Structural steel can be made with basic oxygen steelmaking (BOS). It can also be produced using electric arc furnace (EAF) production. Steel is infinitely recyclable and both methods use recycled steel.
One of the differences is that BOS steel is predominately made from raw materials. The BOS process combines iron ore with coke and about 10 to 20% in a blast furnace.
On the other hand, EAF steel is more environmentally friendly. It is made from scrap steel, as opposed to raw or virgin materials. The 100% cold scrap is melted in an electric arc, creating up to 150 tonnes of steel in one ‘melt’.
Both types of structural steel have sustainability credentials
Each method uses recycled steel and creates valuable by-products alongside producing structural steel, which is highly durable and 100% recyclable. Read our article BOS EAF in steel manufacturing to see the differences between the two methods. The article also explains how LCAs take into account carbon credentials during production, construction, use and end-of-life.

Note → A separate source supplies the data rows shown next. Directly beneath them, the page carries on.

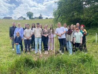Als Erinnerung an das Gemeinschaftsprojekt der ehemaligen Jahrgangsstufe 13 des Kopernikus-Gymnasiums im Stadtwald pflanzten die Schülerinnen und Schüler zwei Apfelbäume am Baumlehrpfad im Köttingsbachtal.
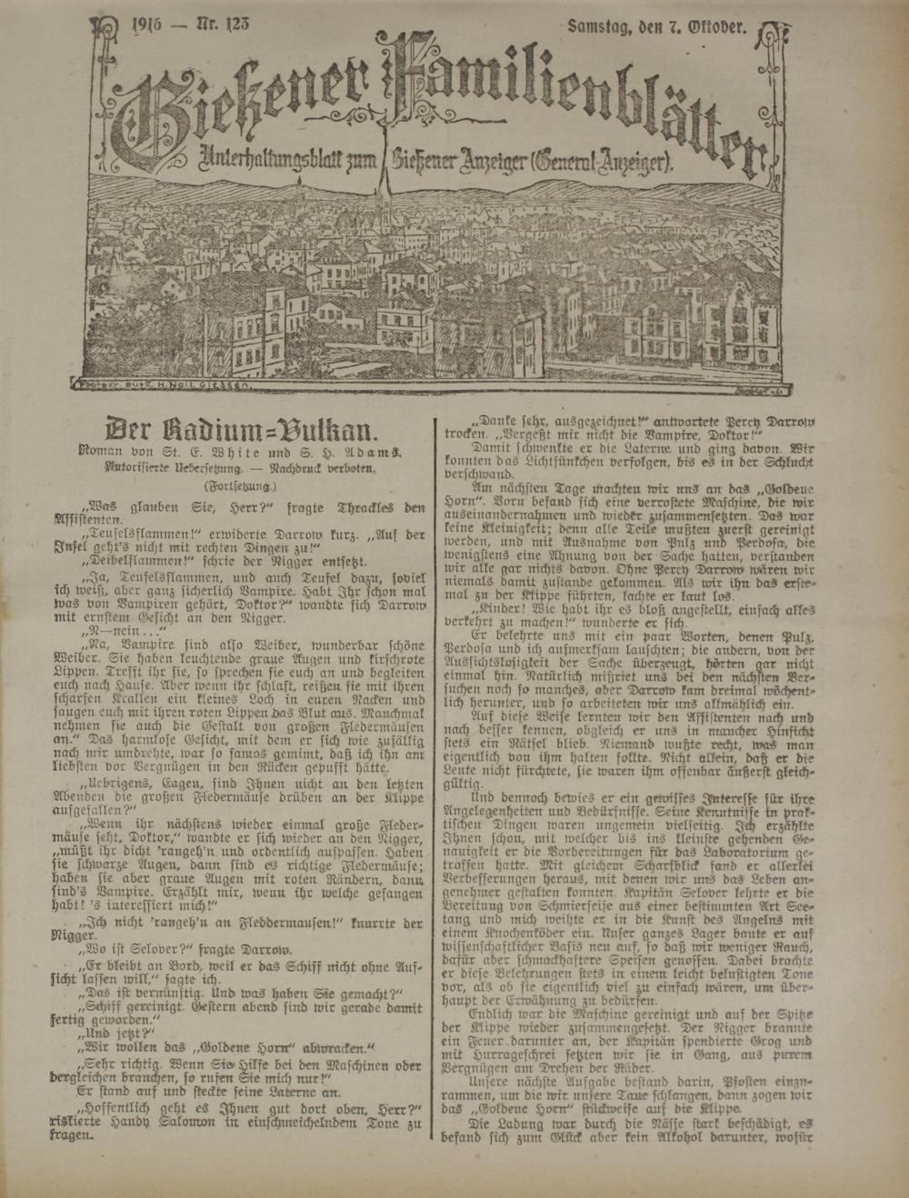 „Ucbrigens, Eugen, sind Ihnen nicht an den letzten Menden die großen Fledermäuse drüben an der Klippe aufgefallen?"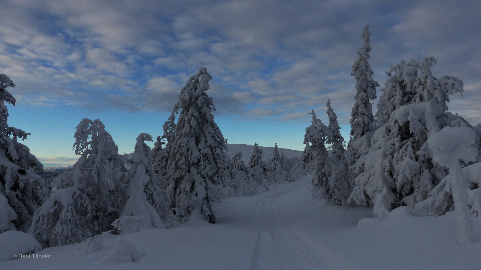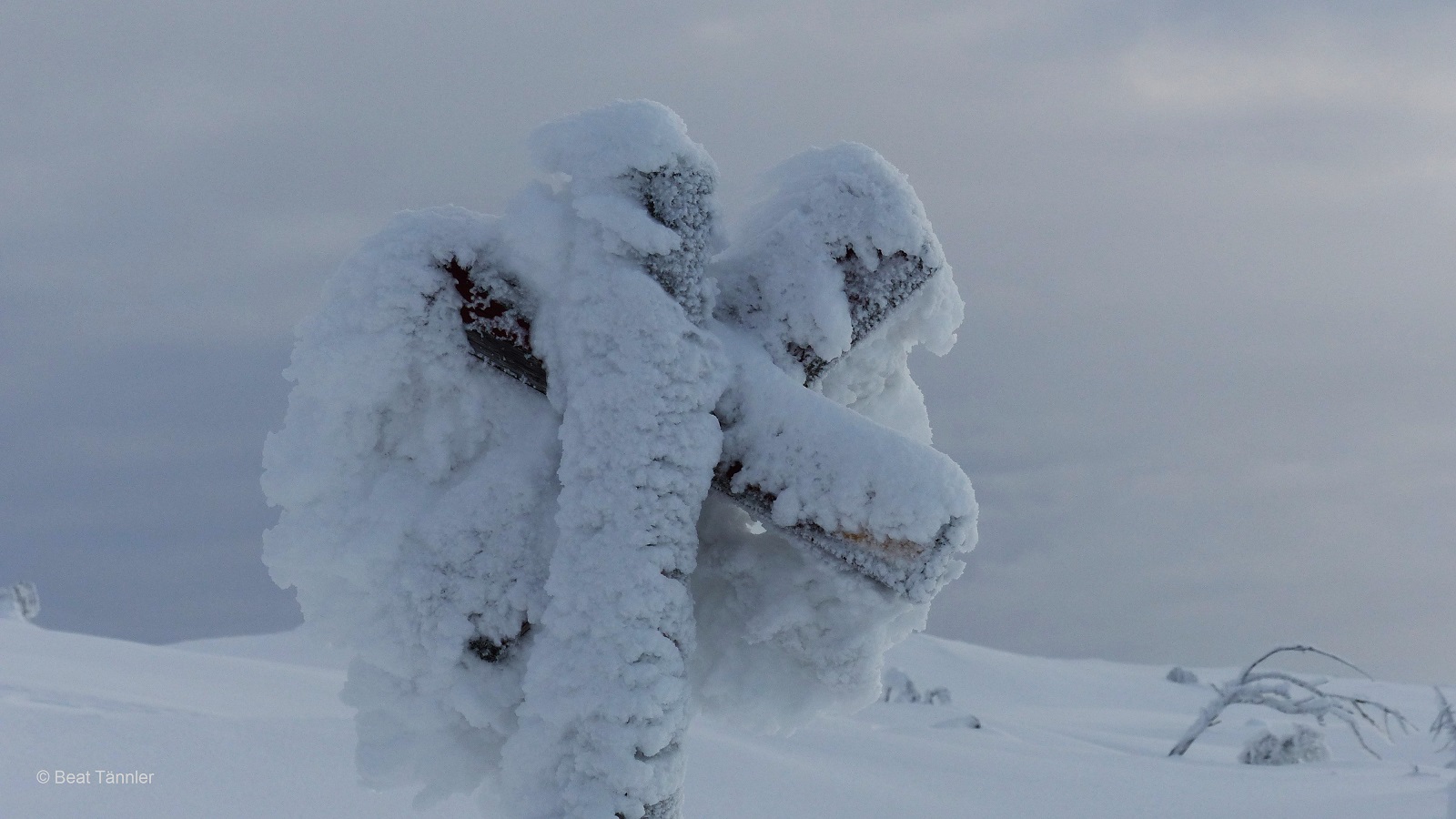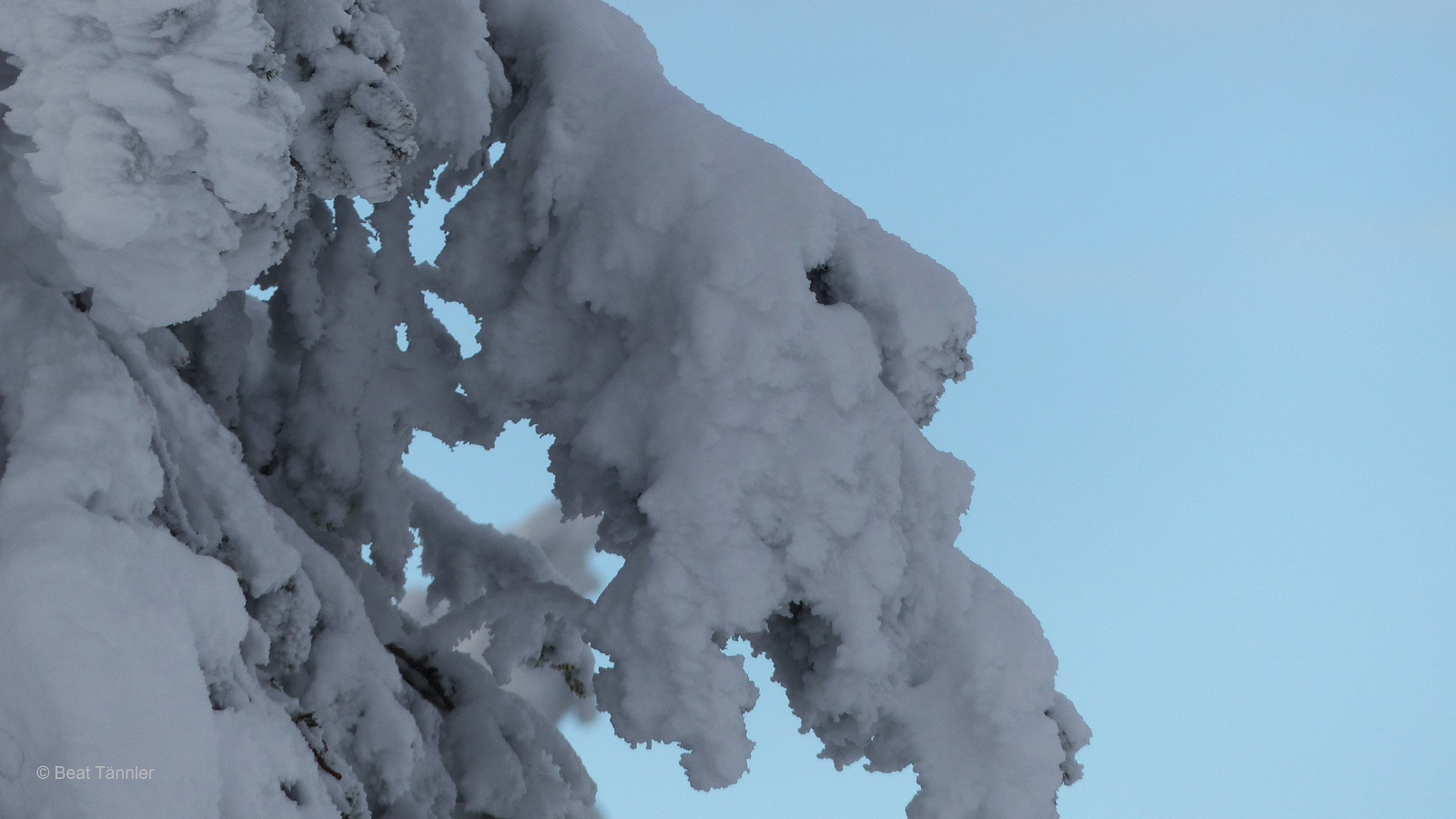 Auf der anderen Seite fahren wir durch einen Mischwald. Auf einer abgebrochenen Birke hat sich ein hoher Schneeberg angesammelt und sorgt so für eine naturgemachte Skulptur.

2050 decarbonisation roadmap
The BCSA roadmap to structural steelwork decarbonisation underpins 6 key areas.
1 Design efficiency
Designing to allow for adaptability and flexibility with the future in mind. For example, open floorplate designs make an adaptable layout.
2 Circular economy
Steel already plays a part in the UK’s circular economy, with 99% of it recovered through a well-established scrap network. This makes it naturally amenable to a circular economy.

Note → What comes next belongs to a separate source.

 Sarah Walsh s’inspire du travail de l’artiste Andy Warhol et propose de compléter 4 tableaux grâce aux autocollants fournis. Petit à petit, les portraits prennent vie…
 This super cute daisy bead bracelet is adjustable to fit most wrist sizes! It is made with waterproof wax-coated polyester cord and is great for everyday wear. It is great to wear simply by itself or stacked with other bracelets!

3 Direct steelmaking emission reductions
EAF manufacturing has fewer emissions than using a blast furnace. We buy steel directly from the mill, rather than a stockholder. This helps to guarantee the quality of the manufacturing process. It’s worth noting that test certificates often arrive with the invoice, which can be 4 weeks after you place an order. By then, the steel is already on site, so if there is an issue with sustainability credentials, it’s often too late.
4 Decarbonisation of the electricity grid
Industrial decarbonisation, including steelmaking, requires clean electricity. By 2050, the UK electricity grid will be almost decarbonised in line with the national targets.
Rishi Sunak recently stated:
‘We have already cut our carbon emissions faster than anyone else in the G7. We will fulfil our ambitious commitment to reduce emissions by at least 68 per cent by the end of the decade.’
5 Carbon capture and use and storage (CCUS)
CCUS uses technologies to capture CO2 from power generation or industrial facilities. This is either reused on site, or compressed and stored for later use.
This is a highly viable solution since CCUS technologies can be retrofitted in existing steelmaking plants while newer forms of the technologies are also under development.
6 Steel transport, fabrication and erection
BCSA members measure and manage their carbon footprint using industry-approved tools and solutions. The BCSA roadmap outlines how these can be further improved, such as using renewable electricity and greener shipping methods.
Green shipping corridors were on the agenda at COP27, where there was a pledge to create end-to-end decarbonised shipping routes.
Projects cannot be 100% EAF Steel…yet
Only universal beams, universal columns and parallel flange channels are made via EAF process. All plate products, together with hollow sections (CHS /SHS/RHS) are manufactured via the BOS method.
Therefore on an average building, a maximum percentage of 60% of the structural steel frame can be produced from EAF when the above plates & hollow section quantities are taken into account.